AN ACT Relating to regulatory reform for adult family homes; amending RCW 18.79.260, 70.128.060, 70.128.064, 70.128.140, 70.128.040, and 70.128.090; and creating a new section.
BE IT ENACTED BY THE LEGISLATURE OF THE STATE OF WASHINGTON:
NEW SECTION. Sec. 1 The legislature recognizes that adult family
homes are a vital and integral component of the long-term care system
in Washington state. The legislature further recognizes that
regulations for the provision of care and the requirements of licensees
for building code and fire safety adherence should be uniform
throughout Washington state. The legislature further recognizes that
elderly and disabled residents in adult family homes have uniform
access to neighborhoods throughout the state of Washington.

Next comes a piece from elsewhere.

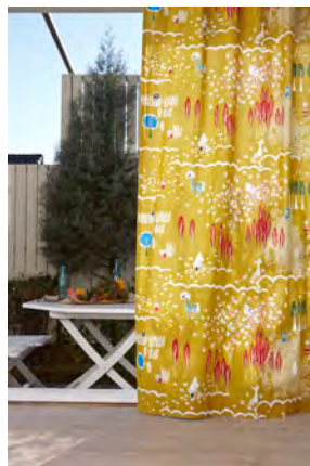
オーダーカーテン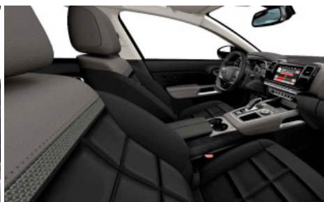
Mix koža NAPPA čierna – látka (TEP) sivá / interiér HYPE čierny

Sec. 2 RCW 18.79.260 and 2000 c 95 s 3 are each amended to read
as follows:
(1) A registered nurse under his or her license may perform for
compensation nursing care, as that term is usually understood, of the
ill, injured, or infirm.
(2) A registered nurse may, at or under the general direction of a
licensed physician and surgeon, dentist, osteopathic physician and
surgeon, naturopathic physician, podiatric physician and surgeon,
physician assistant, osteopathic physician assistant, or advanced
registered nurse practitioner acting within the scope of his or her
license, administer medications, treatments, tests, and inoculations,
whether or not the severing or penetrating of tissues is involved and
whether or not a degree of independent judgment and skill is required.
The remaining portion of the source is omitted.